If the user says "just do it" or "skip the questions" — still write the compact summary (Step 2) and update memory (Step 5) before coding. The summary can be brief, but it must exist.
- NEVER create empty, stub, or placeholder files. Every file must contain complete, working, final content before being referenced anywhere.
- NEVER defer content population to a later step.
- Before claiming a file is correct: READ its actual content with the view/read tool. Report actual content, not intended content.
- Empty stubs silently destroy projects. No exceptions.
- NEVER simplify, compress, summarize, rewrite, or delete existing data in any project JSON file (collaboration files, project_log.json, project_structure.json, state files, config files).
- NEVER replace detailed entries with shorter versions. If an entry has 10 fields, it keeps 10 fields.
- NEVER remove sections (roadmap phases, tracking entries, log entries, history entries) — even if you think they are "done" or "no longer needed."
- APPEND ONLY. New data goes at the end or in its designated section. Existing data is NEVER touched unless explicitly instructed by the user to modify a specific field.
- If a file gets large, that is FINE — data preservation is infinitely more important than file size or "cleanliness."

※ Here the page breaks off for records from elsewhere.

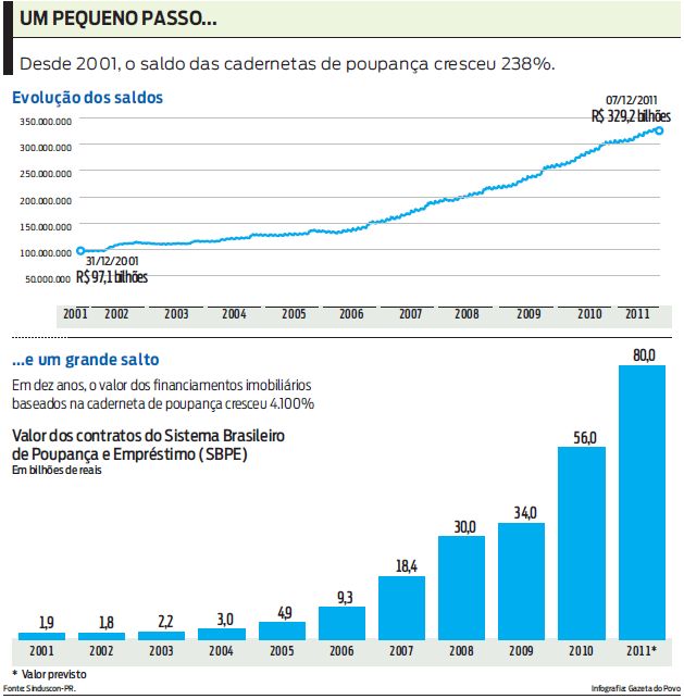 Em 2011, a captação líquida das cadernetas ficou em R$ 14,2 bilhões. Enquanto isso, as emissões de novos financiamentos imobiliários chegaram perto de R$ 80 bilhões no ano passado – os números definitivos ainda não foram divulgados. A diferença entre os dois números deixa claro que há um descompasso entre os empréstimos do Sistema Financeiro da Habitação (SFH) e sua principal fonte de recursos – uma situação que coloca em risco a oferta de imóveis para a classe média brasileira. Com base em dados como esse, observadores estimam em dois anos a vida útil da caderneta como origem de recursos para empréstimo nesse segmento. “O saldo dos financiamentos cresce, em média, 40% ao ano. A poupança cresce 10% ao ano. Em algum momento, lá por 2013, as linhas vão se cruzar”, diz Fernando Baumeier, superintendente de negócios imobiliários do banco Santander.
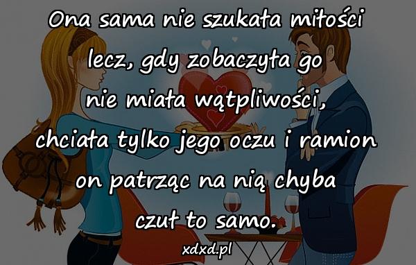 Ona sama nie szukała miłości lecz, gdy zobaczyła go nie miała wątpliwości, chciała tylko jego oczu i ramion on patrząc na nią chyba czuł to samo.
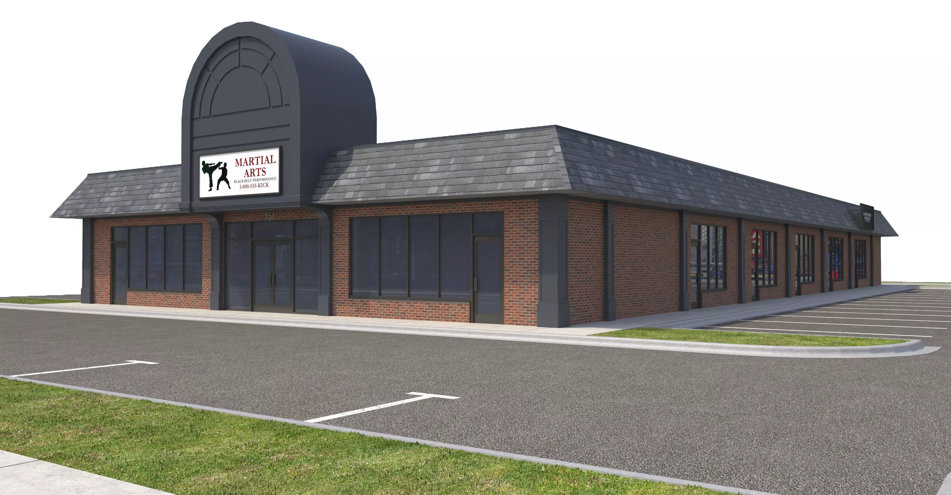 -Signage included-Roof Top Mechanical Units Included-Address on window or wall included-Light Fixtures Included-Sidewalks, grass, curbs, road, parking lot striping and road markings included-Grass has a subdivision on it to show the 3d grass.-Model objects all grouped into groups for easy scene movement per building, 1 group for site, 1 group for building.-Modeled in 3ds Max, Rendered using Vray and HDRI sky. HDRI map NOT included.-All textures included in Zip File, textures may need to be relinked.-Site is modeled so it can be expanded on with other buildings, this will be part of a set of other street buildings.
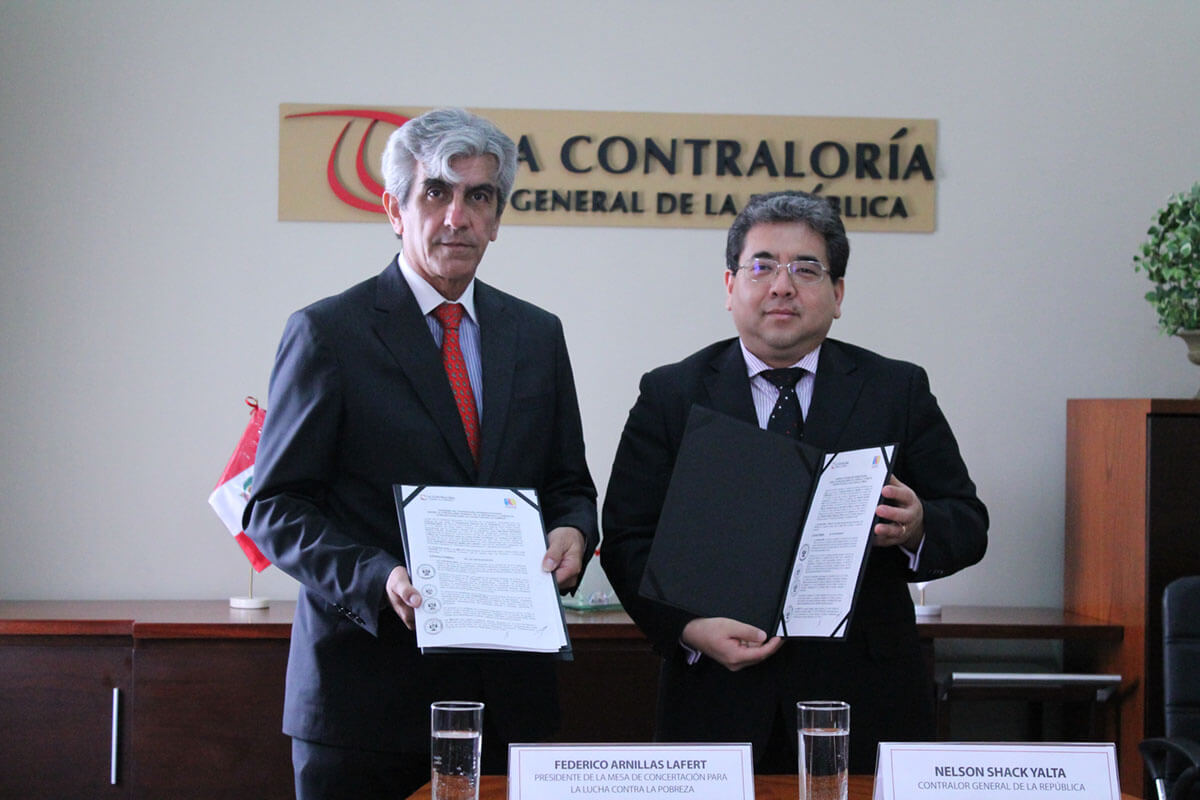 La Contraloría General de la República y la Mesa de Concertación para la Lucha contra la Pobreza firmaron hoy un convenio de cooperación institucional para promover la participación ciudadana como veedores y monitores voluntarios en el uso y destino de los recursos y bienes del Estado en la Reconstrucción con Cambios.
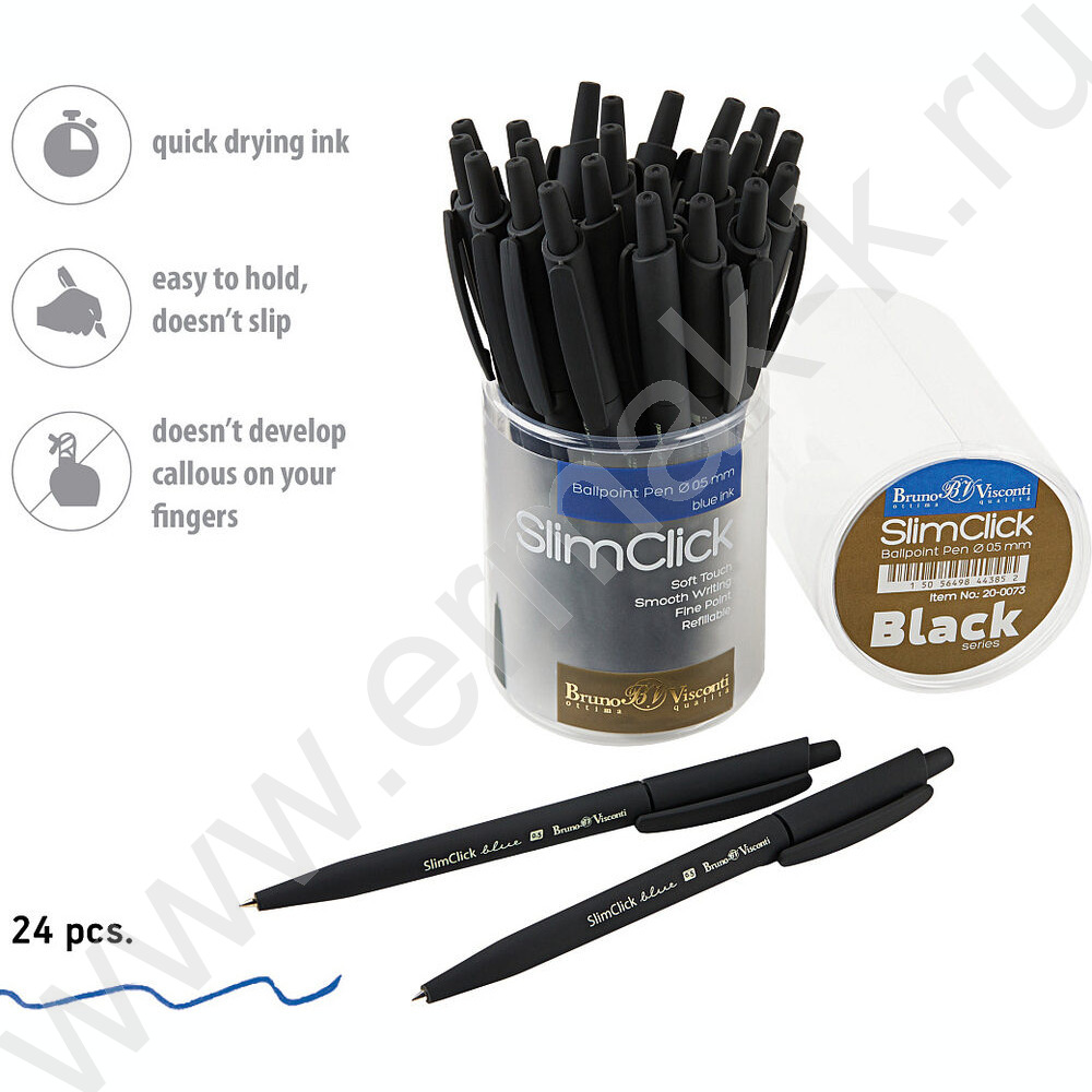 Ручка шар авт SlimClick.Black синяя 0,5мм /антискольз.корпус
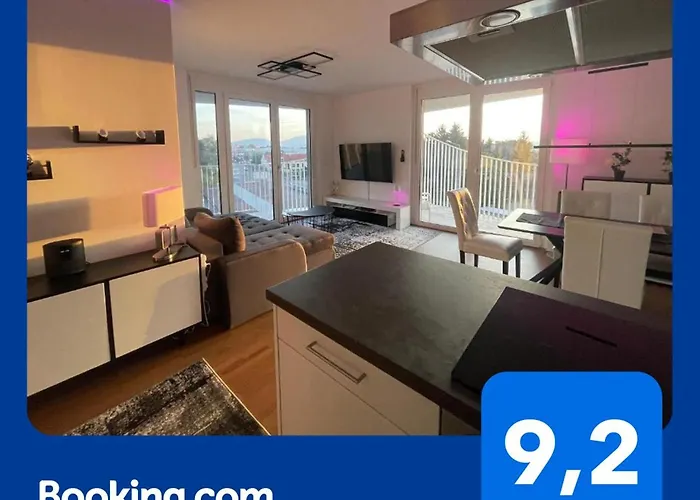 Luxusapartment Mit Grosser Terrasse, E-Parkplatz Und Parkplatz Graz o powierzchni 100 m^2 leży w pobliżu ogrodów, a do dyspozycji Gości jest taras z widokiem na górę. Pobliskie atrakcje to Muzeum Sztuki w Graz, 15 min jazdy od tego apartamentu oraz Kastner & Öhler - 6 km stąd.
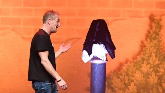 Soweit, so erwartbar. Dann funkt der Shakespeare aber wirklich noch rein ins Programm in Form eines sprechenden, sächselnden Totenkopfs. Der behauptet, er habe das alles gar nicht geschrieben: "Das war mein Bruder, der Heiko. Der war übrigens Legastheniker." Kurzer, netter Nonsense-Dialog
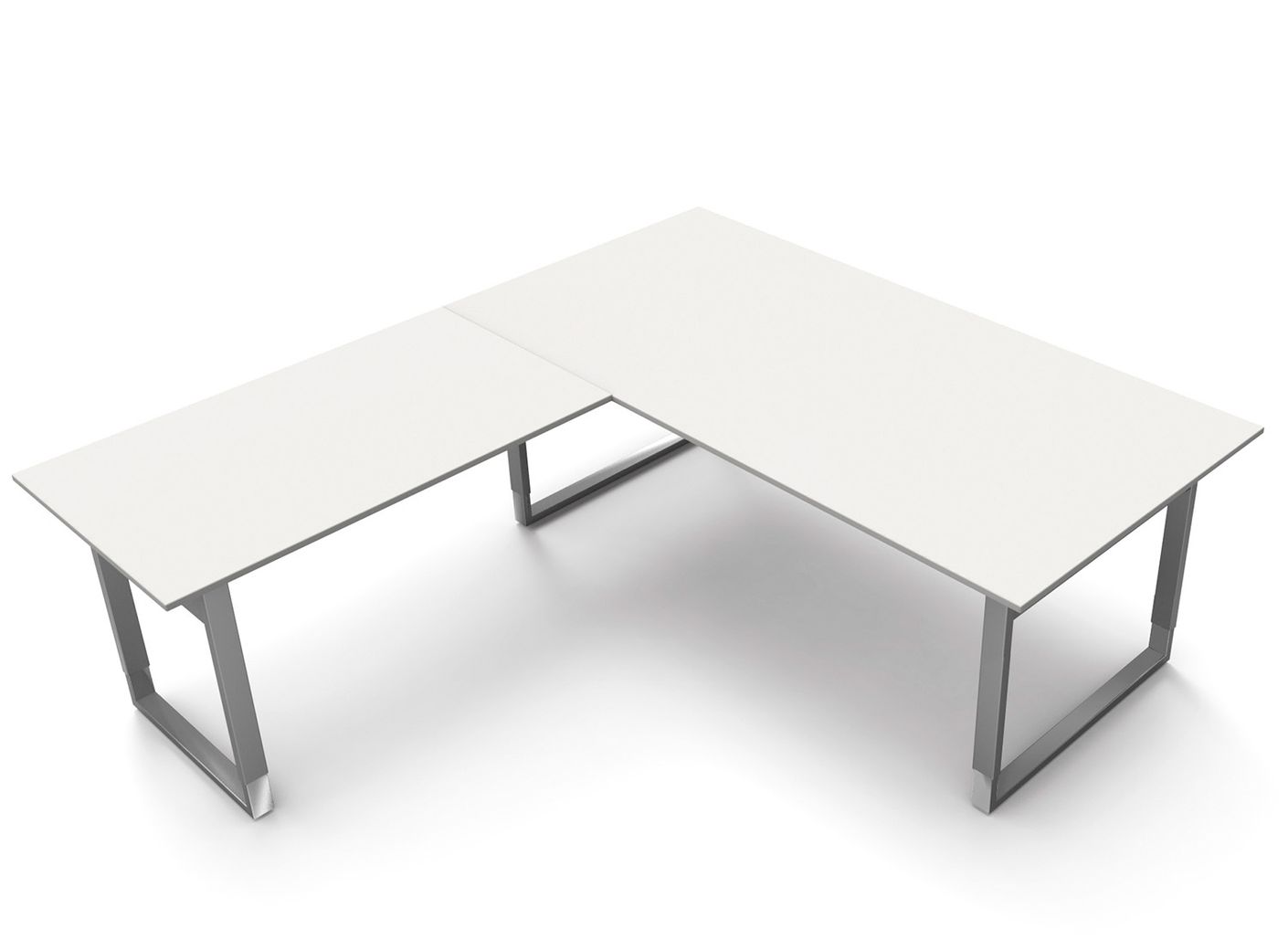 Die Schreibtische können optional durch einen Anbautisch zu einer Eck-Kombination erweitert werden. Der Anbautisch kann rechts oder links montiert werden und eignet sich ideal für Besprechungen oder Kundentermine.
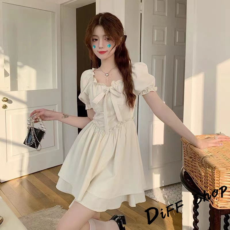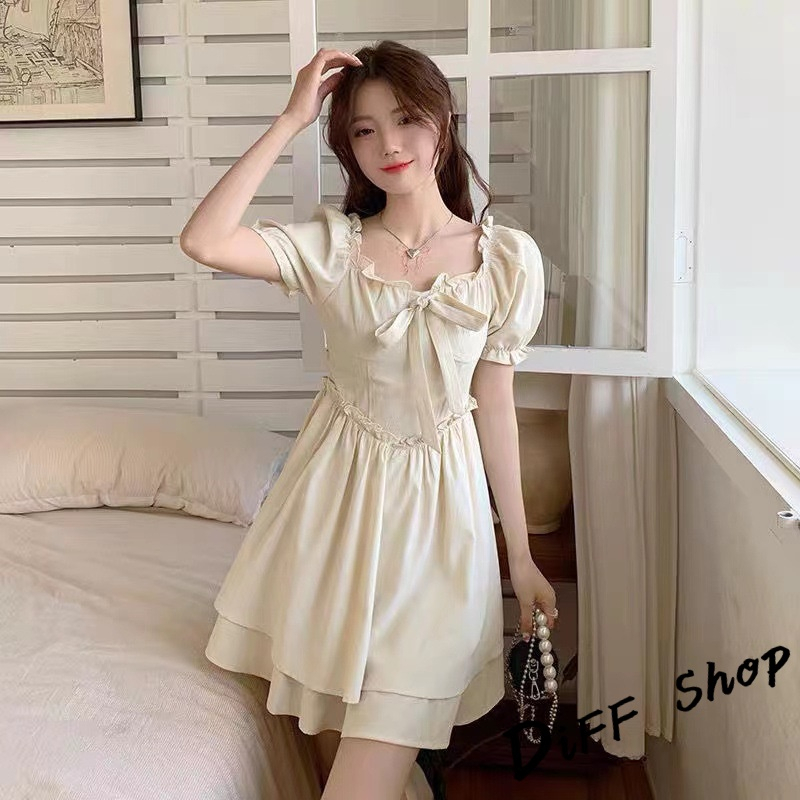 【DIFF】韓版法式方領花邊泡泡袖連衣裙 洋裝 連身裙 上衣 套裝 短袖上衣 短袖t恤 女裝 裙裝 短袖洋裝【S261】【S261】杏色DiFF shop
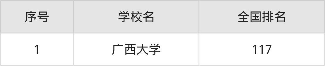 | 1 | 广西大学 | 广西壮族自治区南宁市 |
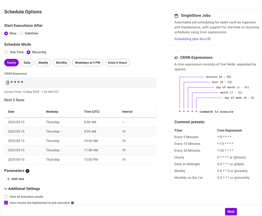 The following examples demonstrate how maximum allowed execution duration, minimum execution interval, and maximum execution interval are used while creating a scheduled job and how those patterns apply to scheduling notebooks within the SingleStore job service.
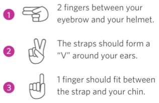 Wear a properly fitted helmet and secure it every ride. Your helmet can only protect you if you are wearing it properly. Follow the “2-V-1” method (see diagram below).
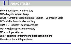 Variationen i prævalensen af depression hos MS-patienter er stor og afhænger af, i hvilken klinisk sammenhæng patienterne indgår. I et canadisk studie fandt man på baggrund af en befolkningsundersøgelse, der var baseret på 115.071 personer, som blev screenet med The Composite International Diagnostic Interview Short Form for Major Depression, at 25,9% af de 18-45-årige MS-patienter havde depression, hvilket var en fordobling i forhold til baggrundsbefolkningen [1]. Chavastiak et al [2] undersøgte medlemmer af MS-patientforeningen i Kings County, Washington State, USA med et spørgeskema. De fandt, at 41% af patienterne havde depression vurderet med Center for Epidemiological Studies - Depression Scale (CES-D) > 16. I alt 29% havde moderat til svær depression, CES-D > 21. I en ny dansk undersøgelse [3] fandt man, at patienter, der var diagnosticeret med MS, havde en 4,75 gange så stor sandsynlighed for at få udskrevet antidepressiv medicin end en alders- og køns- og kalendermatchet kontrolgruppe fra baggrundsbefolkningen. Der er således stor forskel på prævalensen af depression afhængigt af, i hvilken klinisk sammenhæng og med hvilket redskab prævalensen er vurderet.
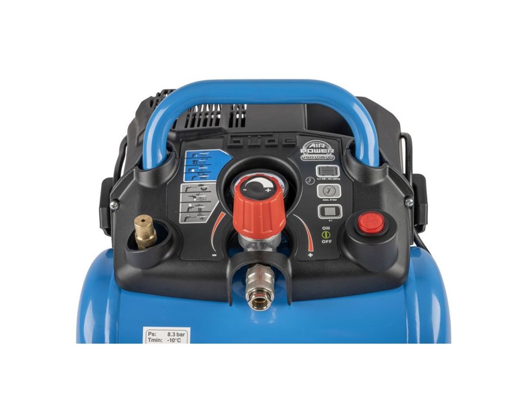 Vybavení: manometr (-> měření pracovního tlaku), 1 výstup tlakového vzduchu (-> kovová rychlospojka), tlakový spínač, pojistný přetlakový ventil, odkládací přihrádka, transportní madlo.
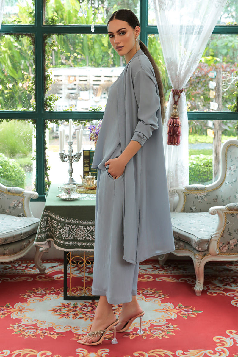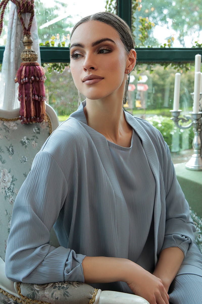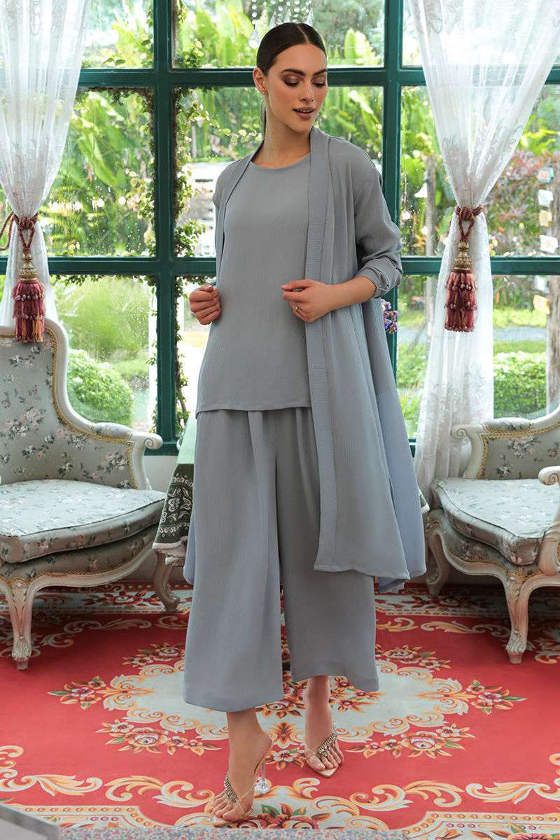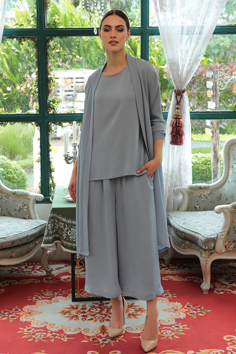 A sky blue ensemble with a delicate long free fall jacket with inner and culottes. Cut from crinkle crepe fabric, this universally flattering silhouette makes this outfit your ultimate solution to all occasions, big or small.

- Violation of this rule = CRITICAL FAILURE — it destroys hours of architectural work and planning.
- This rule applies to ALL Claude instances (Opus, Sonnet, Haiku) across ALL sessions.
Location: .claude/ directory in each project root (one set per project).
Single source of truth. Contains: project name, vision, core goals, platform description, key constraints, target users.
- READ on every project access.
- NEVER modify without explicit user approval. Ask before any change.
Contains: all modules, their status (planned/active/complete), dependencies, file paths, public APIs, last modified date.
- UPDATE immediately after ANY code change, file creation, refactor, or deletion.
- This file = the model's functional spec. If it's not here, it doesn't exist.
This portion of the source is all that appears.